Member of the Iowa Senate from the 24th district
- In office January 8, 1945 – January 11, 1965
- Preceded by: Edwin Schluter
- Succeeded by: Max Mills

Member of the Iowa Senate from the 49th district
- In office January 13, 1941 – January 8, 1945
- Preceded by: Charles Hoeven
- Succeeded by: Duane Dewel

Member of the Iowa House of Representatives from the 99th district
- In office January 11, 1937 – January 13, 1941
- Preceded by: William Oehmke
- Succeeded by: Melvin Burns

Personal details
- Born: December 9, 1889 Hastings, Nebraska
- Died: May 24, 1981 (aged 91) Rock Rapids, Iowa
- Party: Republican

= Jans Dykhouse =

American politician (1889–1981)

Jans T. Dykhouse (December 9, 1889 – May 24, 1981) was an American politician.
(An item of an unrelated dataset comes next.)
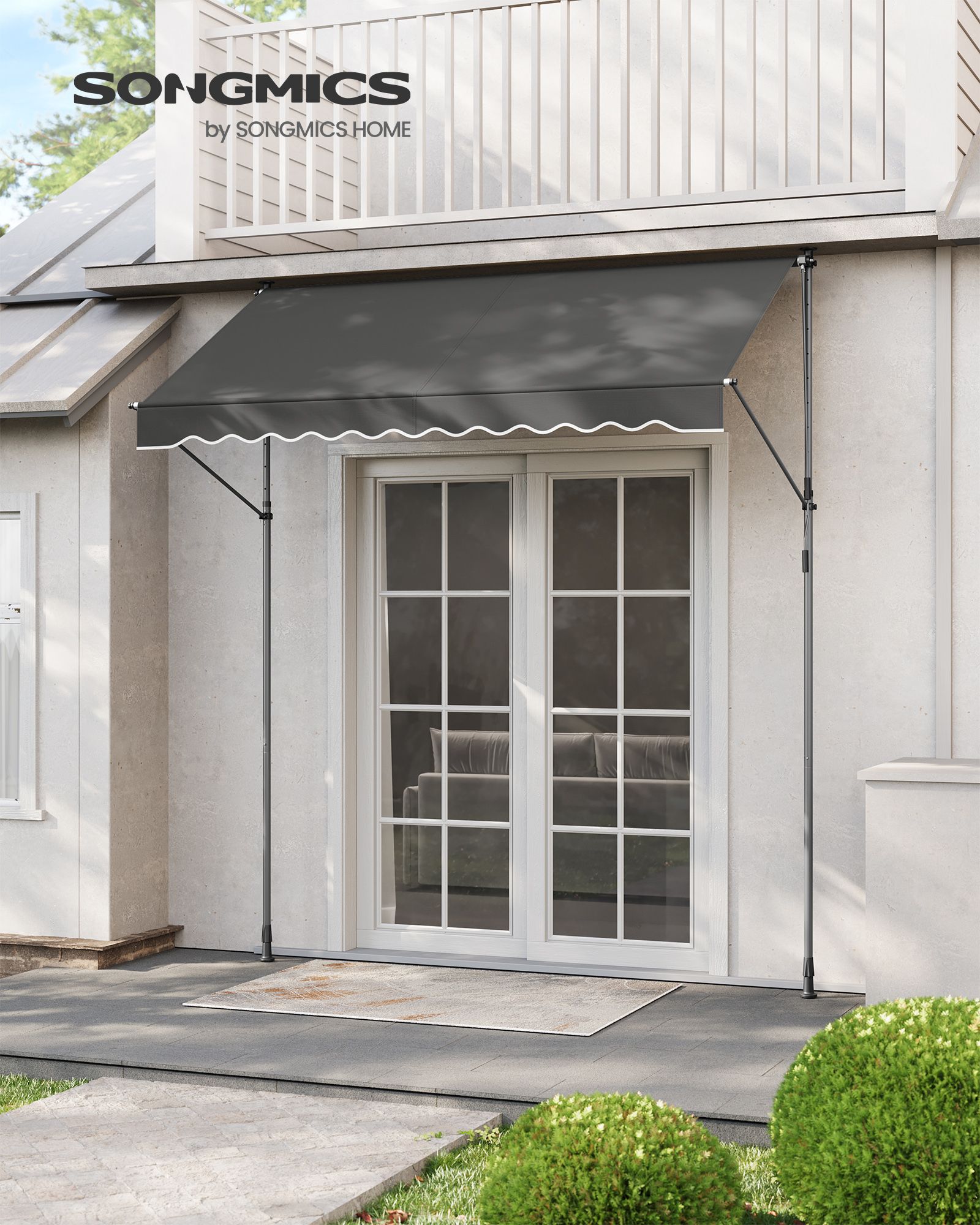 SONGMICS clamp-on awning, balcony awning, height-adjustable, with hand crank, sun protection, for balcony, patio, garden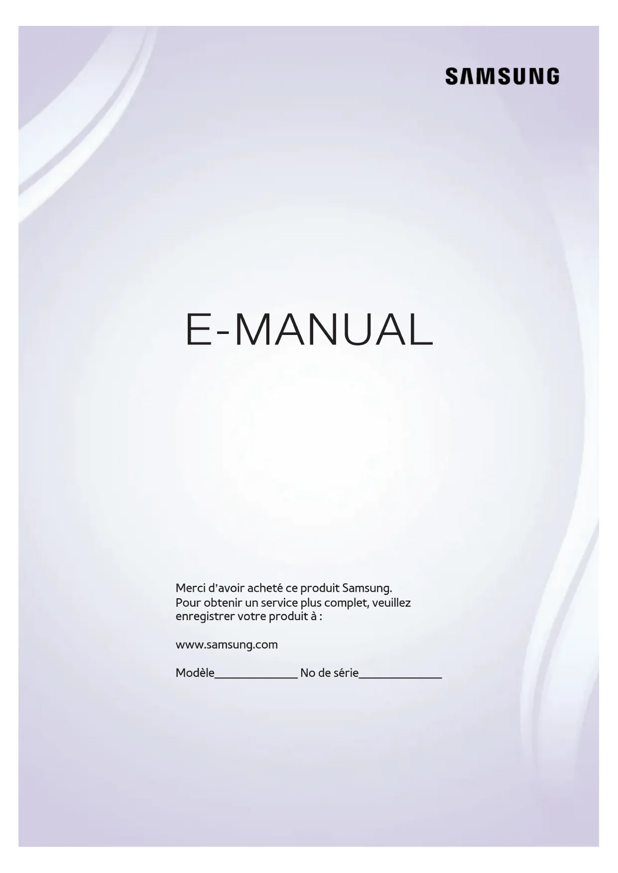E-MANUAL Merci d’avoir acheté ce produit Samsung. Pour obtenir un service plus complet, veuillez enregistrer votre produit à : www.samsung.com Modèle_____________ No de série_____________Contenu Guide rapide Utilisation de la fonction Smart Hub Utilisation de la fonction Commande vocale Utilisation de la fonction Commande gestuelle Utilisation de la fonction Samsung Smart Control Utilisation de la fonction Multi-Link Screen Branchement d'une antenne et d'appareils externes Branchement de l'antenne Connexion d'appareils vidéo 9 Branchement HDMI 10 Branchement d'une composante 11 Connexion composite (A/V) Connexions d'entrée et de sortie audio 12 Branchement HDMI (ARC) 13 Branchement audio numérique (optique) 14 Branchement d'une sortie audio Connexion à un ordinateur 16 Connexion au moyen du port HDMI 17 Connexion à l'aide d'un câble DVI-HDMI 18 Connexion au moyen de Samsung Link 18 Connexion par DLNA en utilisant votre réseau domestique 19 Se connecter grâce à Samsung Smart View 2.0 Connexion à un appareil mobile 20 Connexion à l'aide d'un câble MHL-HDMI 21 Mise en miroir de l'écran 23 Connecter des appareils mobiles sans utiliser de routeur sans fil (Wi-Fi Direct) 23 Connexion au moyen de Samsung Link 24 Connexion par DLNA en utilisant votre réseau domestique 24 Se connecter grâce à Samsung Smart View 2.0 24 Préciser le nom du téléviseur sur un réseau Passage d'une source vidéo à une autre 25 Autres fonctions disponibles lorsque vous affichez la Liste source 25 La fonction de télécommande universelle Utilisation de la télécommande et des périphériques Installation des piles dans la télécommande Samsung Smart Control 26 Fenêtre d'alarme indiquant le niveau faible des piles Pairage de la télécommande Samsung Smart Touch Control 27 Reconnexion de la télécommande Samsung Smart Touch Control Utilisation de la télécommande Samsung Smart Control 28 Fonctions des touches 31 Utiliser le téléviseur au moyen du déplacement de la télécommande Samsung Smart Control 32 Utilisation du pavé tactile et des touches directionnelles 34 Affichage et utilisation de la télécommande à l'écran Commande des appareils externes avec la télécommande – Utilisation de la télécommande universelle 36 Connexion du câble de rallonge IR 37 Configuration de la télécommande universelle 38 Fonctions de la télécommande universelle Commander le téléviseur à l'aide d'un clavier 39 Branchement d'un clavier 40 Utilisation du clavier Commander le téléviseur à l'aide d'une souris 41 Branchement d'une souris 42 Utilisation de la souris Saisir du texte à l'aide du clavier QWERTY à l'écran 43 Utilisation de fonctions supplémentaires IIConnexion Internet Connexion à Internet câblée 44 Utilisation de câbles LAN CAT 7 45 Connexion automatique à un réseau Internet câblé 46 Connexion manuelle à un réseau Internet câblé Connexion à Internet sans fil 48 Connexion automatique à un réseau Internet sans fil 49 Connexion manuelle à un réseau Internet sans fil 50 Connexion à un réseau Internet sans fil avec WPS Résolution de problèmes de connectivité à Internet 51 Résolution de problèmes de connectivité câblée à Internet 52 Résolution de problèmes de connectivité sans fil à Internet Vérification de l'état de la connexion réseau Fonctions Smart Utilisation des fonctions Écran multiple dans un seul écran (Multi-Link Screen) 54 Lancement de la fonction Écran à plusieurs sources 54 Utilisation de la fonction Multi-Link Screen Smart Hub 56 Essai des connexion Smart Hub 57 Ouvrir l'Premier Écran 58 Passage à l'écran Panneau 58 Utilisation de la fonction Didacticiel Smart Hub 58 Réinitialiser Smart Hub Utiliser Smart Hub à l'aide d'un compte Samsung 59 Création d'un compte Samsung 61 Se connecter à un compte Samsung 62 Lier votre compte Samsung à des comptes de services externes 63 Ajouter des renseignements à un compte Samsung, ou les modifier 63 Supprimer un compte Samsung du téléviseur Utilisation du panneau SAMSUNG APPS 65 Utiliser les fonctions prises en charge des applications téléchargées à l'aide du menu contextuel 66 Utiliser les fonctions prises en charge des applications recommandées à l'aide du menu contextuel 66 Installer une application Utilisation de la fonction e-Manual 68 Lancement du guide électronique 69 Accès au menu à partir du guide électronique 69 Chargement des pages de référence 69 Mise à jour du guide électronique en fonction de la version la plus récente Utilisation du mode Web Browser 70 Méthodes de navigation 70 Fonction de défilement avec le navigateur Web 70 Aperçu de la barre d'état et de commande 72 Préférences de navigation 74 Déplacer une application à l'écran des applications. 74 Supprimer une application du téléviseur 75 Classement ou évaluation d'une application 75 Mise à jour des applications 76 Utiliser les fonctions des autres applications Utiliser le panneau Multimédia (lire des photos, des vidéos et de la musique) 78 Lecture du contenu média enregistré sur une clé USB 79 Lire du contenu multimédia enregistré sur un ordinateur ou un appareil mobile 82 Touches et fonctions disponibles pendant le visionnement de photos 83 Touches et fonctions disponibles pendant le visionnement de vidéos 85 Touches et fonctions disponibles pendant la lecture de fichiers musicaux 86 Fonctions dans l'écran de la liste des contenus média Utilisation du panneau NewsON 87 Nouvelles 87 Météo Utilisation du panneau SOCCER 89 Sélection de votre équipe favorite Contrôler votre téléviseur à l'aide de votre voix (Commande vocale) 90 Utilisation de la Commande vocale impérative 92 Utilisation de la commande vocale interactive II IIICommande du téléviseur à l'aide de gestes (Commande gestuelle) 94 Test de luminosité ambiante au moyen de la télécaméra 95 Activation de la commande gestuelle 97 Disposition de l'écran de la commande gestuelle Utilisation de la fonction d

Born in Hastings, Nebraska, on December 9, 1889, Dykehouse was raised in Lyon County, Iowa, where his family had moved in 1892. He graduated from Rock Rapids High School and the University of Dubuque. After completing his college education in 1916, Dykehouse worked as a banker for fifteen years, and subsequently diversified his business interests into real estate, insurance, and farming.

Dykhouse was affiliated with the Republican Party. He won election to the Iowa House of Representatives in 1936 and 1938, serving District 99. Dykhouse contested the 1940 Iowa Senate election, and won the District 49 seat for a single four-year term. He was reelected to the Iowa Senate five times thereafter, as the legislator representing District 24.

Dykhouse attended the Rock Rapids United Methodist Church. He married Little Rock native Dora Getting in October 1917, with whom he raised three children. He died on May 24, 1981, in Rock Rapids, Iowa at age 91.